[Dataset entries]

=== Section Start ===

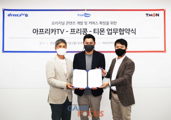 아프리카TV와 자회사 프리콩은 27일(월) 온라인 쇼핑 플랫폼 티몬과 서울 대치동에 위치한 아프리카TV 7층 회의실에서 오리지널 콘텐츠 개발 및 미디어 커머스 확장을 위한 업무협약(MOU)을 체결했다고 밝혔다. 협약식에는 아프리카TV 정찬용 대표와 프리콩 윤무철 대표, 티몬 장윤석 대표가 참석했다.
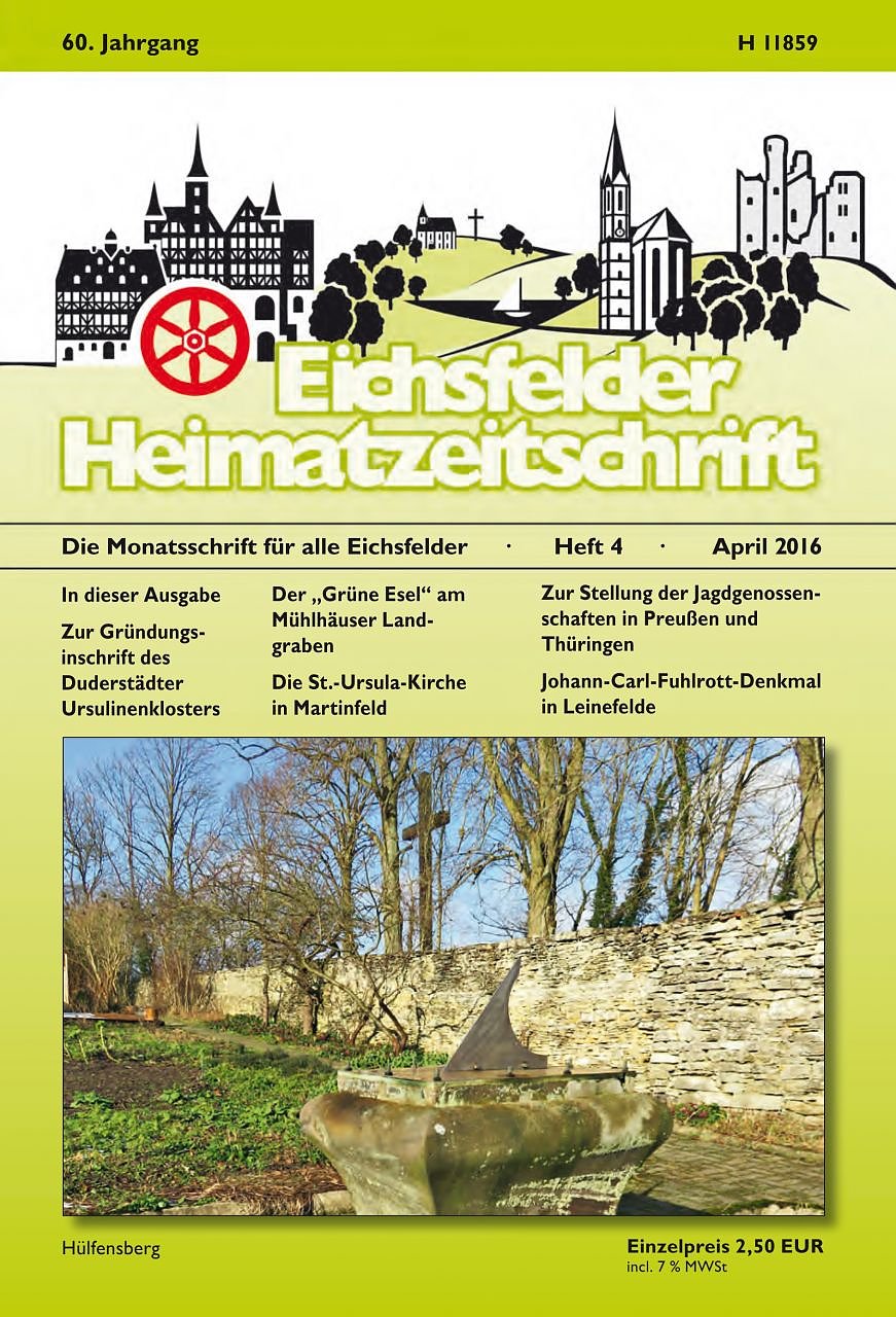 Im Eichsfeld unterwegs, in Martinfeld, war diesmal wieder Josef Keppler. Näher angesehen hat er dabei die dortige St.-Ursula-Kirche. Dr. Gerd Leuckefeld stellt den langjährigen Revierförster auf der Burg Scharfenstein, Carl Ignaz Goldmann (* 1841 in Großbartloff) vor. Peter Anhalt hat die Hochzeitstermine in Steinbach auf statistische Regelmäßigkeiten untersucht. Auf merkwürdige Aufzeichnungen des Pfarrers Christoph Eibes in Wiesenfeld im Jahre 1803 ist Bernd Homeier gestoßen und hat diese für das aktuelle Heft aufbereitet.
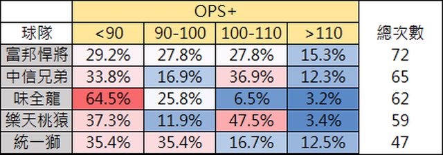 打。OPS+>110的比例偏低的主因是富邦根本沒幾個這樣的打者。
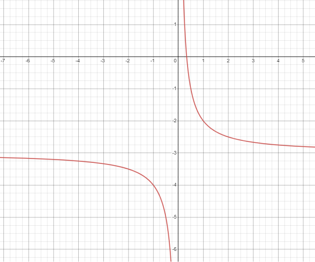 Wyznacz wzór, dziedzinę, zbiór wartości oraz równania asymptot funkcji g, która powstała po przesunięciu wykresu funkcji
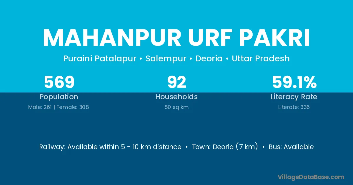 Deoria (7 km) is the nearest town to Mahanpur Urf Pakri village for major economic activities and is located approximately 7 km away.
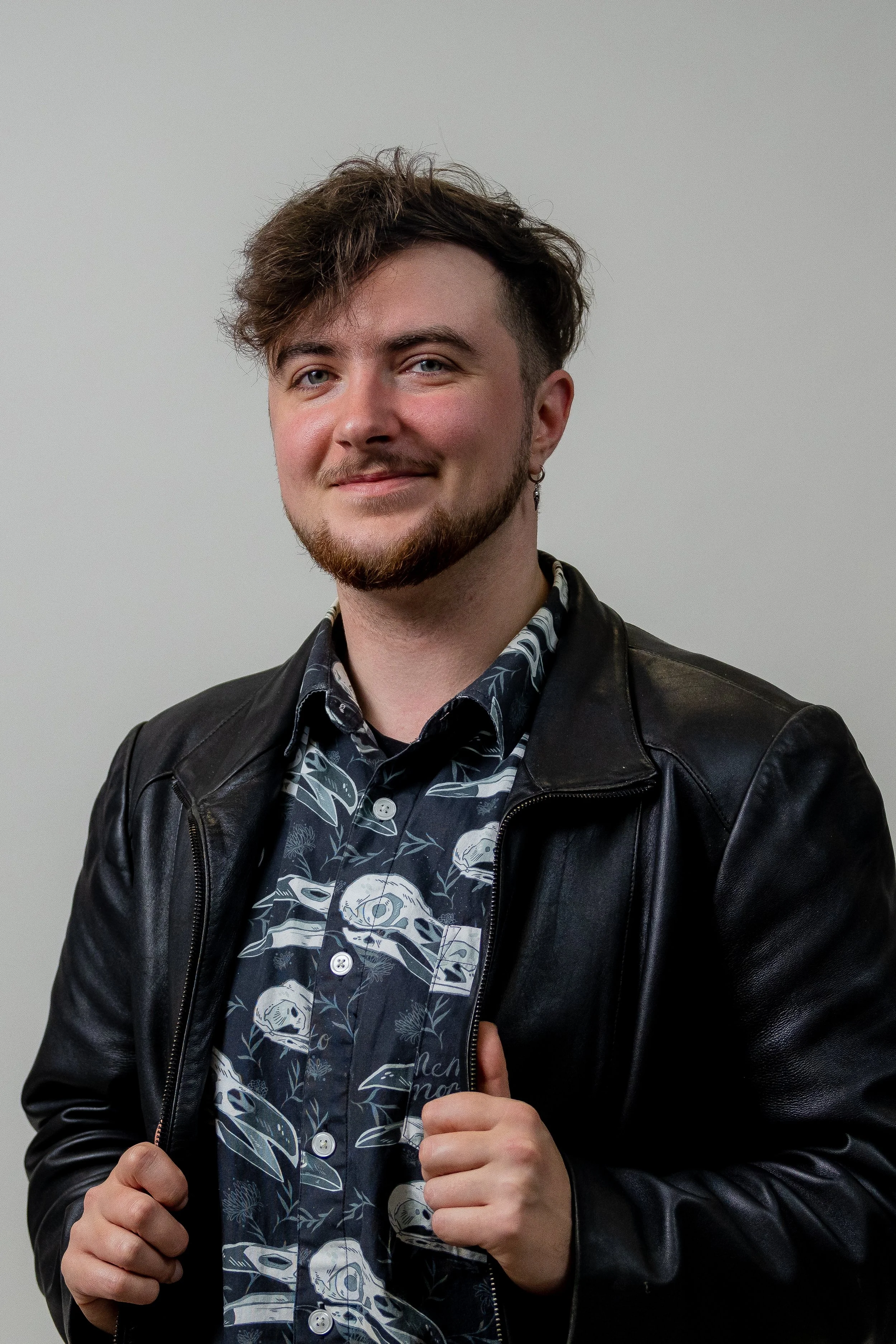 A young man with brown hair, beard, and earrings, smiling and wearing a black leather jacket over a patterned shirt, standing against a plain light gray background.

=== Section End ===

* _WHAT IS NEEDED_
Give every entry again word for word; no images belong in the copy.

* _ANSWER FOR THIS EXERCISE_
 아프리카TV와 자회사 프리콩은 27일(월) 온라인 쇼핑 플랫폼 티몬과 서울 대치동에 위치한 아프리카TV 7층 회의실에서 오리지널 콘텐츠 개발 및 미디어 커머스 확장을 위한 업무협약(MOU)을 체결했다고 밝혔다. 협약식에는 아프리카TV 정찬용 대표와 프리콩 윤무철 대표, 티몬 장윤석 대표가 참석했다.
 Im Eichsfeld unterwegs, in Martinfeld, war diesmal wieder Josef Keppler. Näher angesehen hat er dabei die dortige St.-Ursula-Kirche. Dr. Gerd Leuckefeld stellt den langjährigen Revierförster auf der Burg Scharfenstein, Carl Ignaz Goldmann (* 1841 in Großbartloff) vor. Peter Anhalt hat die Hochzeitstermine in Steinbach auf statistische Regelmäßigkeiten untersucht. Auf merkwürdige Aufzeichnungen des Pfarrers Christoph Eibes in Wiesenfeld im Jahre 1803 ist Bernd Homeier gestoßen und hat diese für das aktuelle Heft aufbereitet.
 打。OPS+>110的比例偏低的主因是富邦根本沒幾個這樣的打者。
 Wyznacz wzór, dziedzinę, zbiór wartości oraz równania asymptot funkcji g, która powstała po przesunięciu wykresu funkcji
 Deoria (7 km) is the nearest town to Mahanpur Urf Pakri village for major economic activities and is located approximately 7 km away.
 A young man with brown hair, beard, and earrings, smiling and wearing a black leather jacket over a patterned shirt, standing against a plain light gray background.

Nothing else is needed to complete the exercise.